ManageEngine Launches A Siri-Style App For The Help Desk
ManageEngine has launched the ServiceDesk Plus iPhone app that incorporates voice-recognition technology for IT professionals so they can make commands, dictate notes and do any number of other tasks that come with managing a help desk.
The app uses Nuance Nina, a virtual assistant, to dictate, edit, reply, assign/reassign and close tickets. The app also has touch-screen capabilities to:
- Create new tickets, categorize, and edit request details
- Assign/pick up requests
- Reply to users with resolution and close tickets from the app
- Track time spent on tickets via Worklog
- Perform searches based on subject, requester or priority
- Customize the request view
- Track the time spent on tickets using Worklog
- Update the status of the requests
The app is designed for IT professionals who spend a good part of their time on their feet, fixing problems for people around the office. But while away from their desks, they still have to do everything through the help desk, the anchor of any enterprise shop. The goal is to help IT be more productive. Instead of stopping to use the laptop or peck away on an iPhone, a technician can instead use their voice to do the work that needs to get done.
According to Opus Research, Nuance has invested heavily in voice-recognition technology, making customer service apps like ServicePlus more viable.
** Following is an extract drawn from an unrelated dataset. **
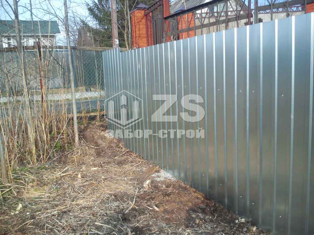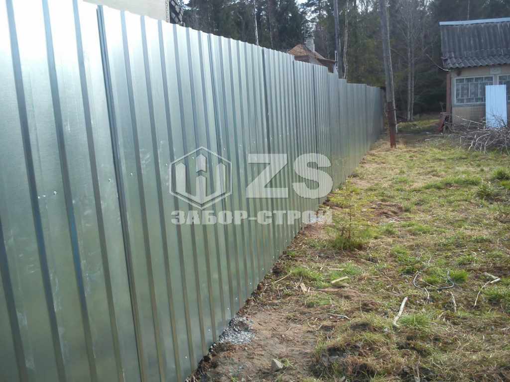 - Забор на столбах с утрамбовкой щебня из профнастила 45 метров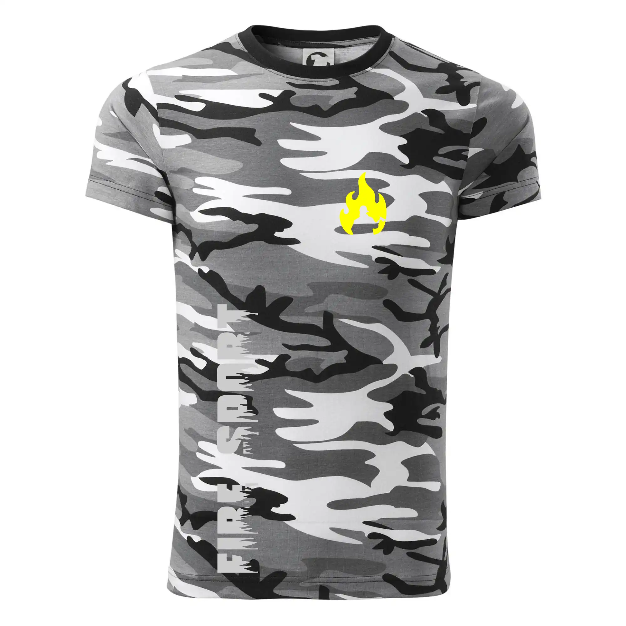 Tričko strednej gramáže vo farbách camouflage. Strih s bočnými švami. Lem priekrčníku z rebrového úpletu s prídavkom 5% elastanu. Vnútorná časť zadného priekrčníka začistená páskou vo farbe camouflage.

Dan Miller of Opus writes:
At Nuance’s Customer Experience Summit held in Orlando in early December, Doug Sharp, VP of Enterprise Engineering, noted that the company has 135 engineers “dedicated to some aspect of language understanding.” His point is that the statistical language models (SLMs) that are necessary for accurate automated speech recognition are only the beginning of what comprises a natural, multi-modal, mixed initiative user interface. Much of the heavy lifting now is taking place along a continuum that spans machine learning, data driven discovery in new or evolving domains and mining the intranet and social networks to bring continuous improvement an engine’s ability to understand meaning and provide new kinds of assistance.
My colleagues have their doubts, pointing to the issues with using simple voice-recognition to issue commands for driving places as an example:
@alexwilliams Voice recognition tech can barely understand I want to drive to my own home
— Brian McClain (@BrianMMcClain) February 21, 2013
But with the learning capabilities that come with Nuance, I am more confident that this ManageEngine app will be usable. It is designed for a specific task, not the open-ended commands that come with consumer-style applications.